At the same time, the ECB is expected to keep its refi rate unchanged, while continuing to kick the can down the road about the possibility of reversing some of its unconventional policy measures. It appears the ECB will retain the right to buy bonds as long as the markets remain volatile. However, new exit steps are likely to be discussed in December when the central bank has to discuss the conditions for the refi tenders in the first quarter of next year. Overall, both meetings will be overshadowed as the dust settles from the Fed’s move yesterday. Despite the weakness in the EU periphery the euro continued to gain on dollar shorts. The euro is testing new highs around the 1.42 range, after breaking the 10/15 high of 1.4159. If the euro can break the 1.4264 range look for a short-term breakout in the North American session.
New Zealand unemployment declined more than expected, sending the NZD to its highest level in more than two years. In fact, the NZD is best performer in the G10 today. The unemployment rate dropped to 6.4% in the third quarter, down from a revised (higher) 6.9% in Q2, but less than the 6.7% rate expected. Recent months have seen data remain on the sluggish side, damping expectations about rate hikes from the Reserve Bank this year. But RBNZ is playing catch-up with the RBA which may now being start to feel the impacts of the recent tightening cycle. In September, Australian retail sales grew less than expected, while the trade surplus declined as exports shrank. Retail sales rose 0.3% from August, below the expected gain of 0.5%. For the quarter sales were up 0.7%, down from Q2’s 1% and below the 1.1% forecast.
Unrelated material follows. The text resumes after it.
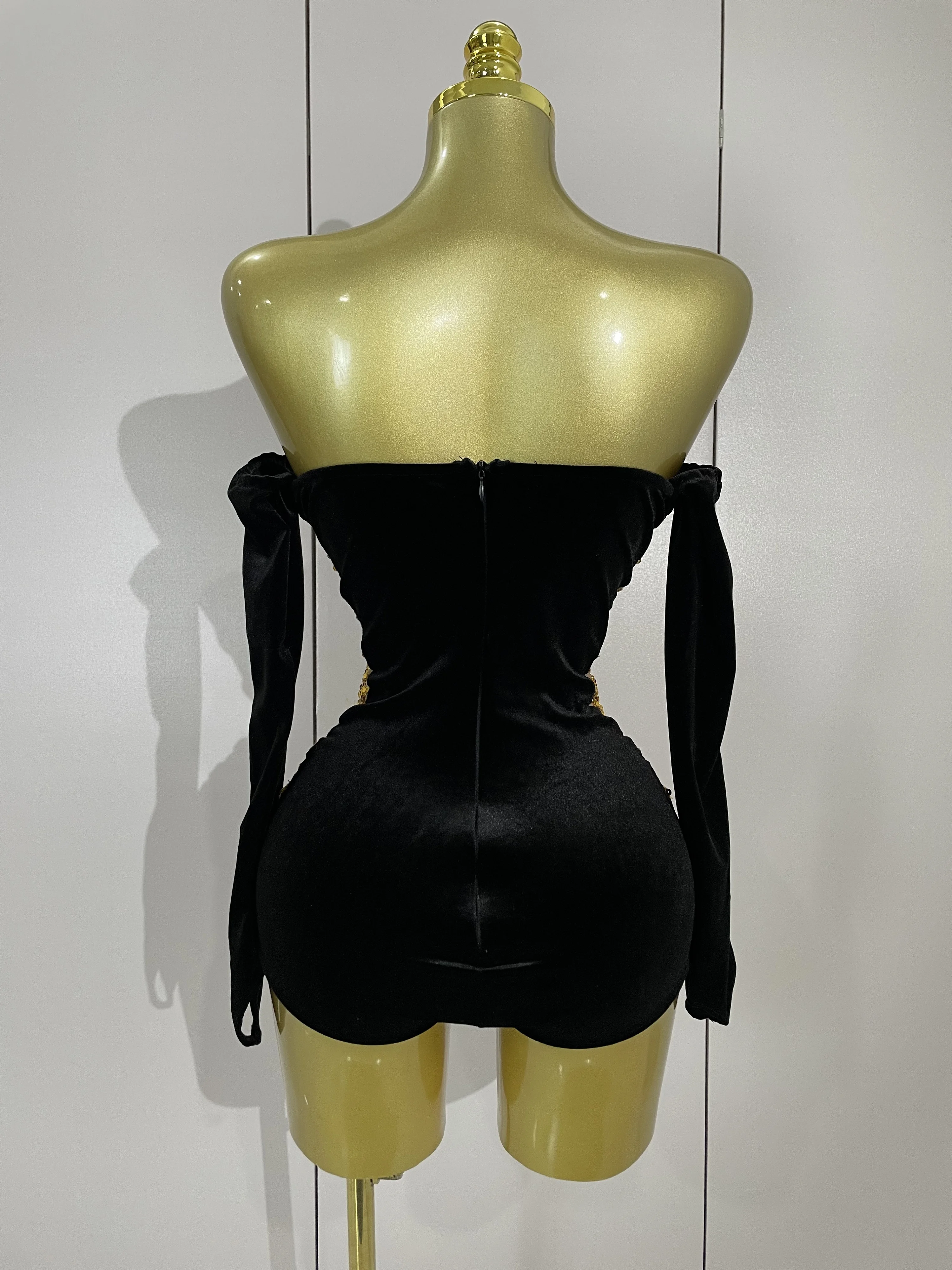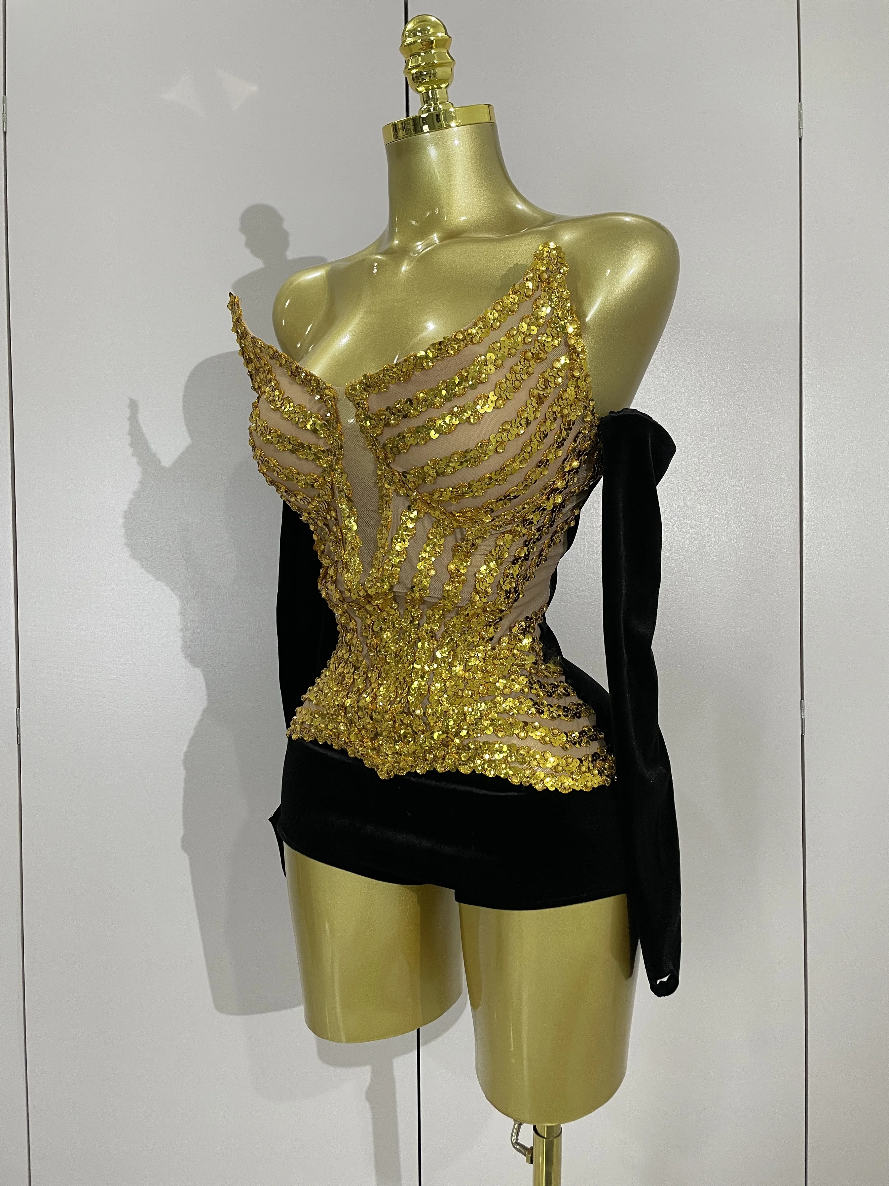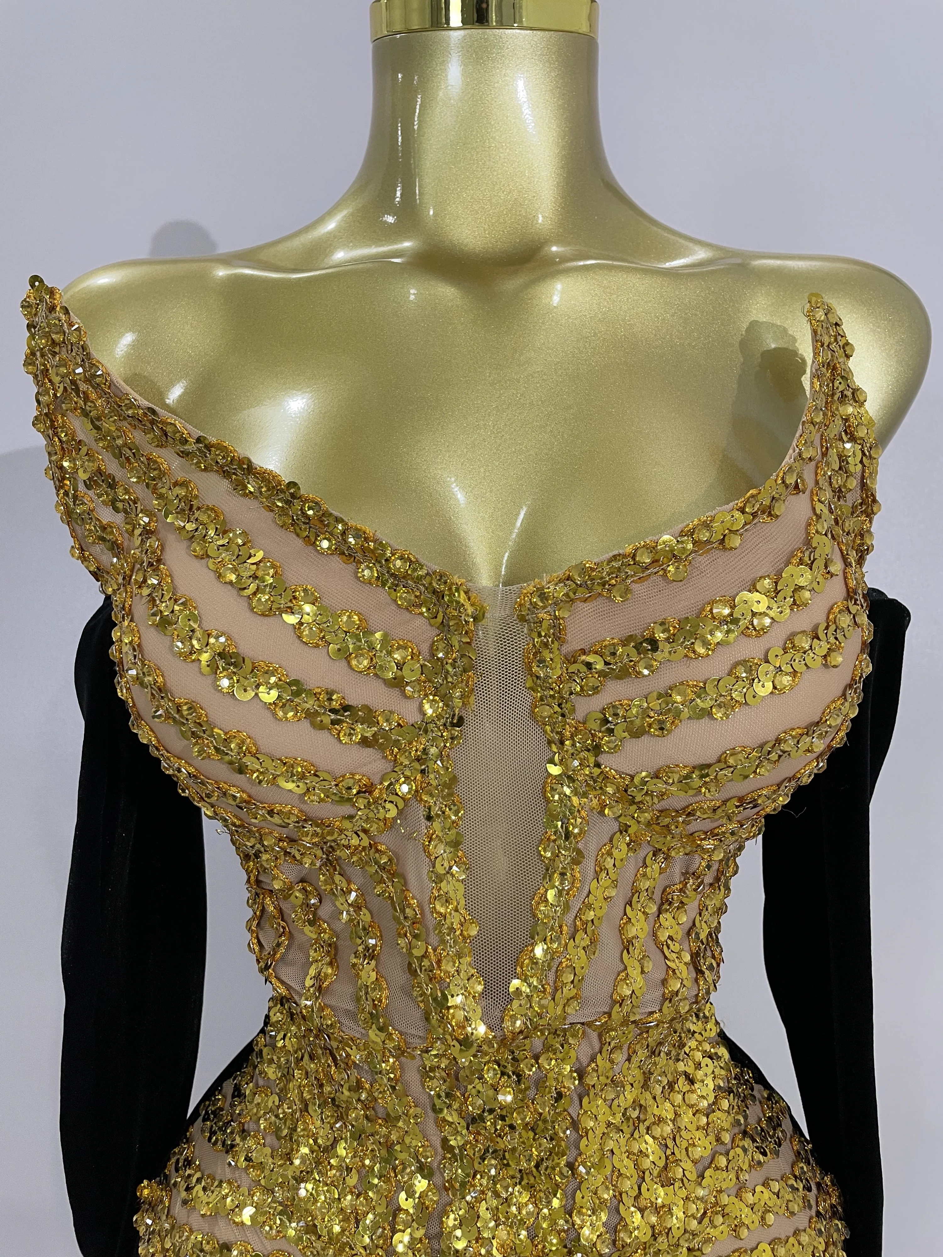 Women Shiny Golden Sequins Sexy Strapless Bodysuit With Gloves Celebrity Elegant Evening Party Birthday Dresses Stage Costume

Upcoming Economic Releases
At 8:00/12:00 GMT the BoE announces its repo rate which is expected to remain on steady. Afterwards, the US reports Q3 productivity data along with initial jobless claims. The former is expected to increase by 0.5 of a percent and the latter is expected to drop by 5k. The ECB announces its rate following the BoE meeting and investors will be focused on the guidance at the 8:45 / 12:45 GMT press conference. Canada’s IVEY is then reported with the consensus looking for a small uptick. And later on in the afternoon the US reports M2 money supply. Events: SNB’s Danthine speaks at 12:15 followed by a US Treasury 10-year TIPS auction at 1:00pm/17:00 GMT.